Бор раскуривает трубку и, не выпуская ее изо рта, попыхивая, смотрит на меня удивленно. Его лицо сильно от всего этого вытянуто, свисающие по бокам глаз брови не скрывают огромные, чуть желтоватые белки и голубые зрачки. Он очень удивлен даже сейчас. «Он считал, что победа Гитлера неизбежна! Я не мог ему сказать прямо “нет”. Я сказал, что не могу решать такой вопрос единолично, необходимо посоветоваться с сотрудниками». (Значит, Бор ему не доверял, Юнг прав, что они друг перед другом скрытничали.) «Из того, что Гейзенберг говорил, мы пришли к выводу, что у Гитлера будет атомное оружие.[98] Иначе почему же победа неизбежна?
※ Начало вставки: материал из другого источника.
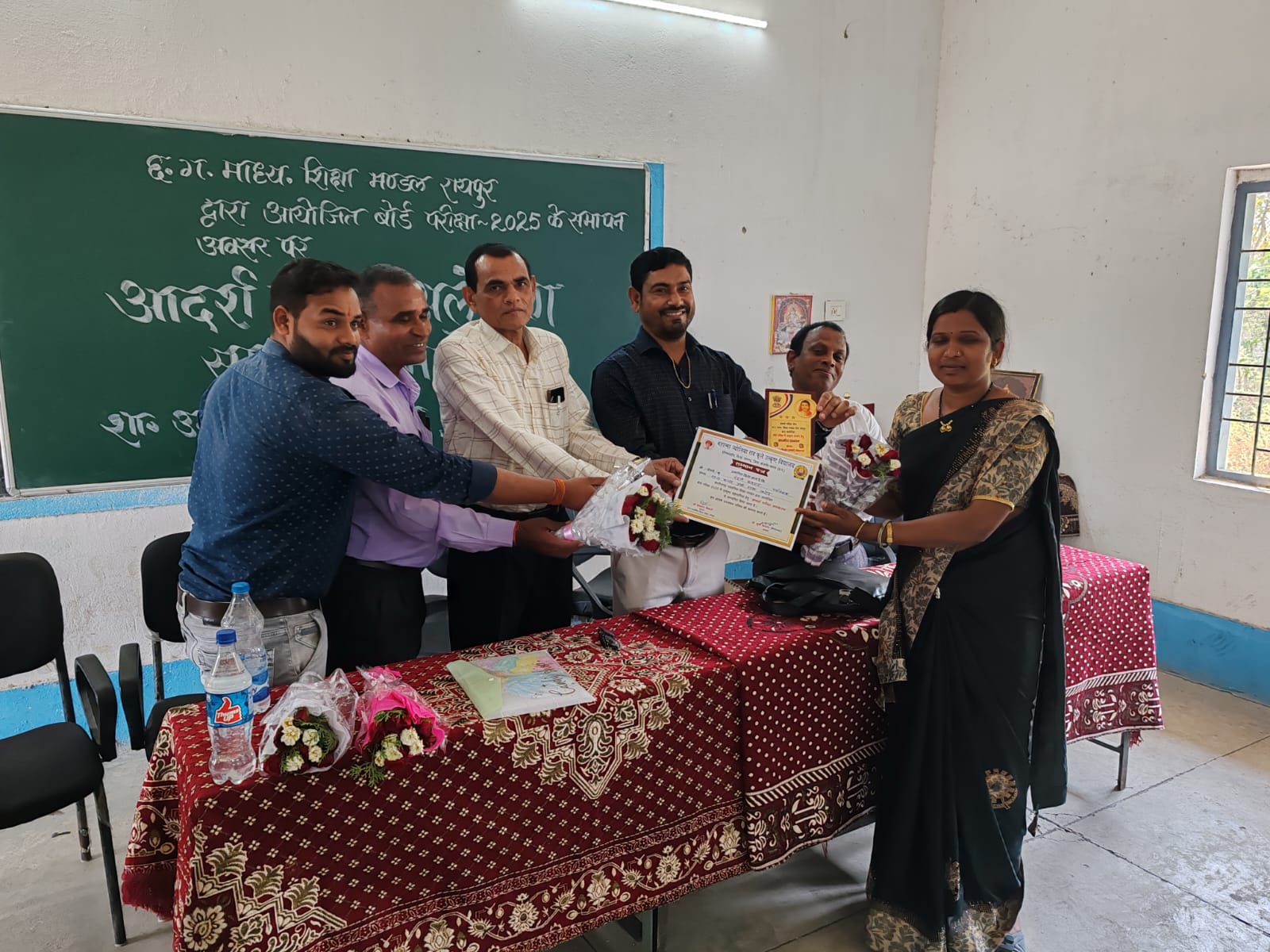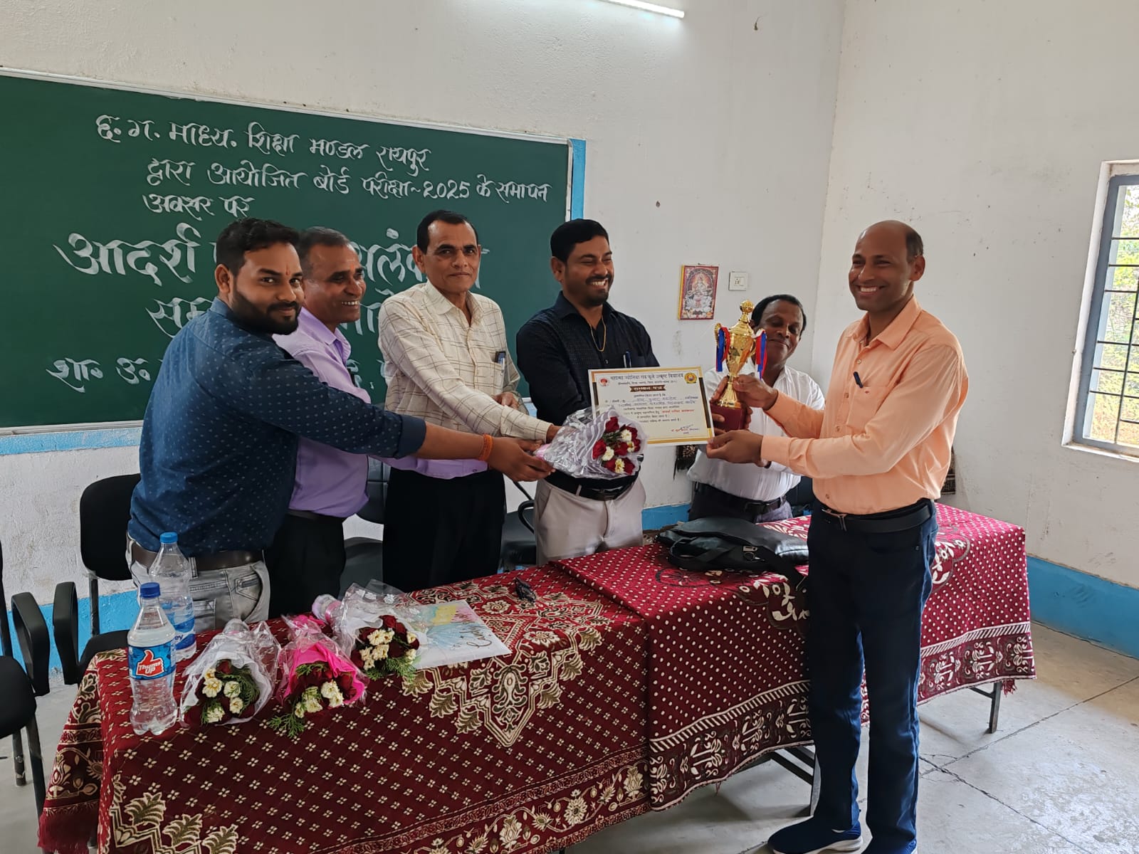 शा, उ.मा .वि .खरौद में जो छ. ग.माध्यमिक शिक्षा मंडल द्वारा 10 वी व 12 वी की परीक्षा के लिए केंद्र बनाया गया था जहाँ के केन्द्राध्यक्ष के रूप में डा. कुंज किशोर नियुक्त किए गए इस केन्द्र में परीक्षा की सम्पन्न होने के उपरांत केन्द्राध्यक्ष डा. कुंज किशोर द्वारा आदर्श परीक्षा अलंकरण सम्मान समारोह का आयोजन किया गया जिसमें सहायक केन्द्राध्यक्ष एवं वीक्षको व लिपिक एवं चतुर्थ श्रेणी कर्मचारियों का सम्मान पत्र एवं मोमेन्टो द्वारा सम्मानित किया गया। इस कार्यक्रम में मुख्य अतिथि छत्तीसगढ़ माध्यमिक शिक्षा मंडल के सदस्य चन्द्रकान्त तिवारी रहे, अध्यक्षता डा.कुंज किशोर केन्द्राध्यक्ष एवं विशिष्ट अतिथि एच.एल.धृतलहरे प्राचार्य शा.उ. मा.वि.खरौद एवं संतोष कश्यप प्राचार्य शा.उ.मा.वि. महंत की उपस्थित रही , कार्यक्रम में संतोष कश्यप द्वारा कलेक्टर के उत्कृष्ट जांजगीर की सराहना की तथा डा. कुंज किशोर ने परीक्षा संचालन में सहयोग के लिए सभी वीक्षको ,सहायक केन्द्राध्यक्ष एवं चतुर्थ श्रेणी की सराहना की वही मुख्य अतिथि चंद्रकांत तिवारी द्वारा परीक्षा के सुव्यवस्थित ढंग से संचालन के लिए केन्द्राध्यक्ष एवं टीम को सराहना की और परीक्षा परिणाम श्रेष्ठतम हो आशा की कार्यक्रम के अंत में आभार के.एल.श्रीवास व्याख्याता द्वारा किया गया संचालन जागेश्वर सिदार द्वारा किया गया।
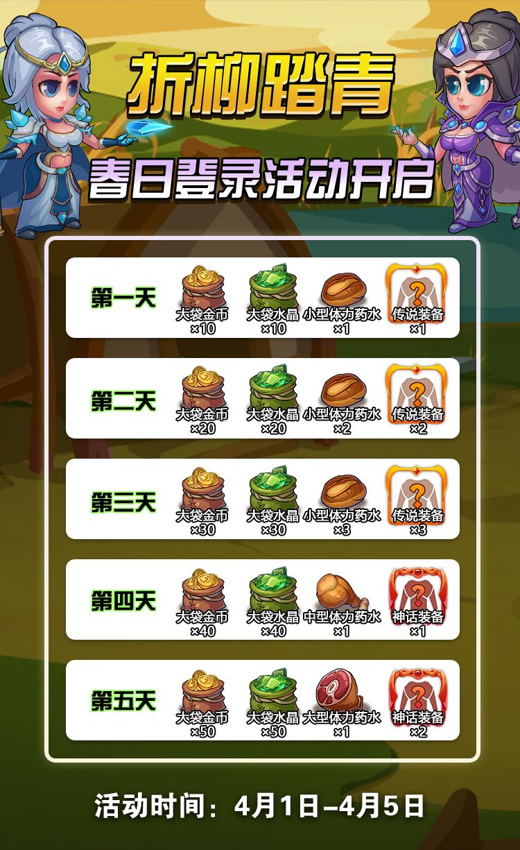 四月已至,春暖花开,小长假即将到来。《宝箱与勇士》的春日登录活动也正式开启啦!活动期间登录游戏即可领取丰富游戏资源。
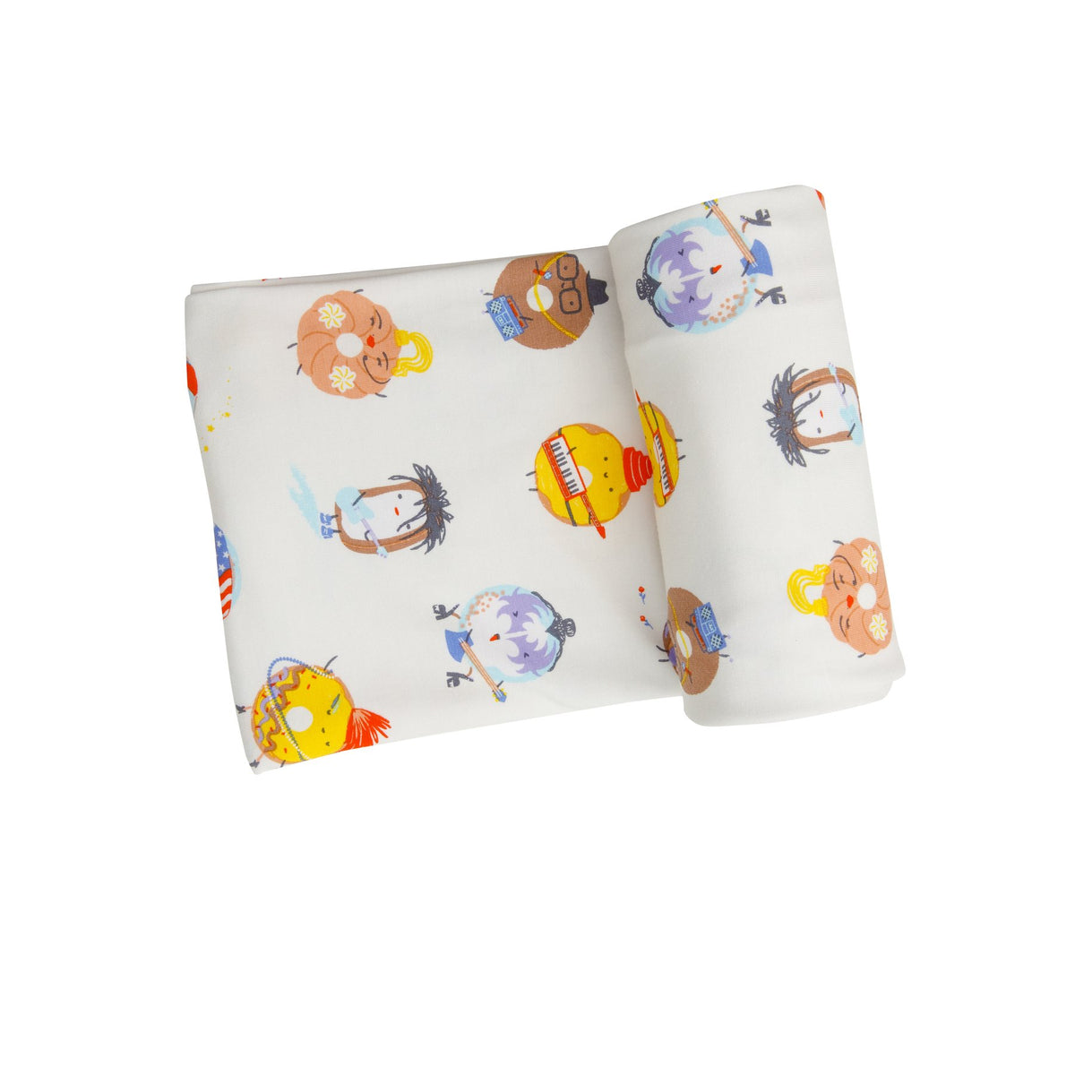 Snuggle, Swaddle, Sleep, Repeat. Our soft and adorable Angel Dear Baby 80's Donuts Swaddle Blanket is sure to delight everyone! A versatile design that's great for swaddling, nursing, cuddling and so much more.
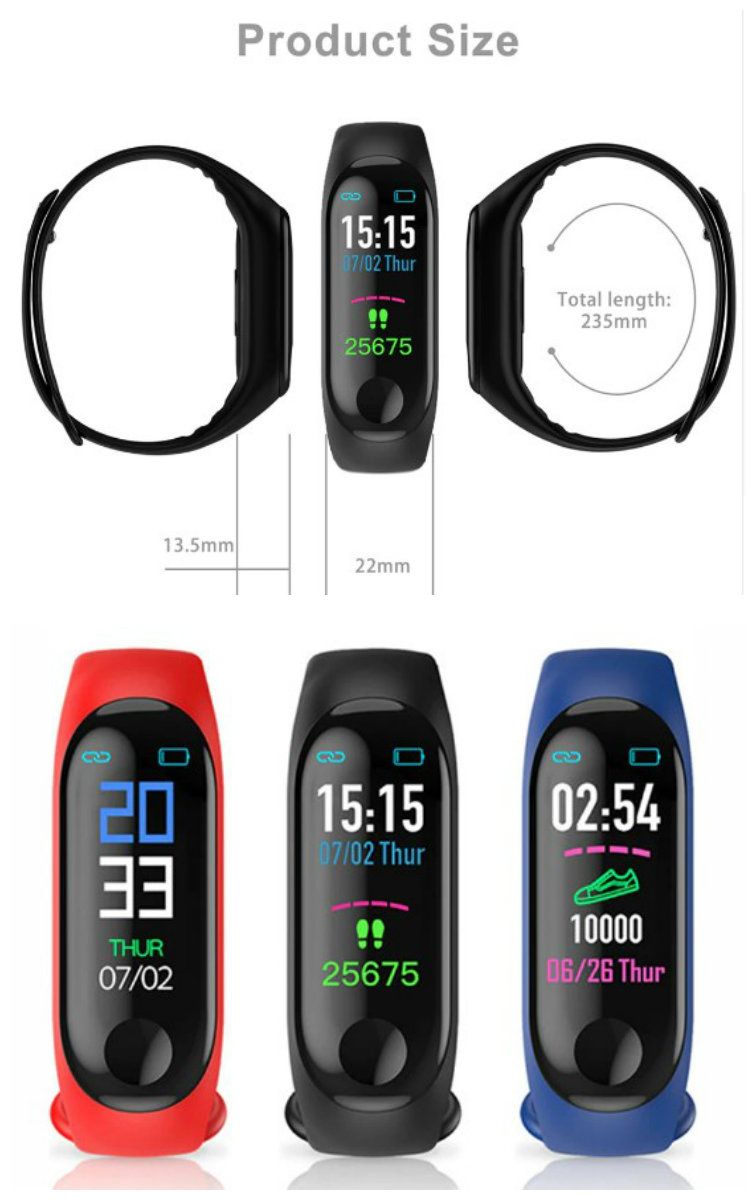 Product description: * 0.96'' IPS 160 * 80 resolution color screen * IP68 waterproof (you can wear it in the rain, wash your hands, but don't put it in hot water) * Built-in 105mAh battery, charging time is about 1.5H, normal use time is about 10 days, standby time is about 20 days *Bluetooth push support (call, SMS, application news alert: QQ, Facebook / Twitter / WeChat, etc.) * Support heart rate / blood pressure / blood oxygen monitoring (this function is for reference only, can not be used for medical data) *Pedometer (sports step, calorie consumption, exercise mileage record) * Support multiple sports modes (running / riding / climbing / swimming / ping pong / walking, etc.) * APP name: ''Lefun'' * detachable shoulder strap * Charging mode: USB dedicated charging cable *Compatible system: BT4.0, for Android4.4 and IOS8.0 or higher *Main features: sedentary reminder, multi-sport mode, full font push, WeChat campaign, weather forecast, reject call, search device, alarm reminder, photo, drinking reminder, gesture control, do not disturb mode, reminder mode, sleep monitoring , G-sensor * APP supports 10 languages: Simplified Chinese, English, German, Russian, French, Portuguese, Spanish note: Please do not read it compared to hospital equipment, it is not a medical device! Before using, scan the QR code on the manual to download the app and connect it to the watch via the app. package: 1*smart wristband 1* instruction manual Note: This is not the Xiaomi Band 3. The smart wristband is not for medical use, please do not buy to check health (heart problems, blood pressure problems). It is not suitable for professional use. Just refer to it.Note: This is not the Xiaomi Band 3. The smart wristband is not for medical use, please do not buy to check health (heart problems, blood pressure problems). It is not suitable for professional use. Just refer to it.

Я ведь уже до войны знал, что атомное оружие возможно, и опубликовал заметку о том, что оно скорее возможно с 235U, чем с 238U» (и снова Бор начинает объяснять элементарные вещи — почему 235, а не 238). «Но тогда Лоуренсу с электромагнитным методом разделения изотопов потребовалось бы, чтобы все электростанции Америки работали на него много лет».

«Но потом ни Гейзенберг, ни приезжавший с ним Вейцзеккер уже не поднимали этого вопроса[99] (то ли поняли, что я возмущен, то ли повлияли первые поражения в России, под Москвой). Постепенно их взгляды менялись. Я написал об этом Юнгу, но это не подействовало. Удивительно, как люди забывают свои слова, если их взгляды меняются постепенно». Здесь Гинзбург вставил: «Люди склонны забывать те свои взгляды, которые хотели бы забыть». Бор в этот момент раскуривал трубку, но понимание засветилось в его полуулыбке.

Начали вставать и расходиться. Я подошел к Оге, который появился незадолго перед этим, и спросил его: «Считаете ли Вы, что с Гейзенбергом нельзя поддерживать отношения?» Он отрицал это, ссылался на доброе отношение Гейзенберга к отцу. Говорил, что Гейзенберг, хотя и националист, «не любил нацистов и антисемитизм» и т. п. Но когда я сказал, что книга Юнга принесла у нас больше пользы, чем вреда, очень решительно повторил: «We do not like this book» (Мы не любим эту книгу), и решительность была очень подчеркнута.[100]

Все уже уходили. Мы, конечно, пошли до машины. Бор раскланялся и сел в машину первый. Но когда он увидел, что мы подошли к машине близко и Оге пожимает руку каждому, то, с трудом сгибаясь под слишком низкой для него крышей лимузина, вышел снова и одарил каждого рукопожатием и улыбкой своего огромного лица.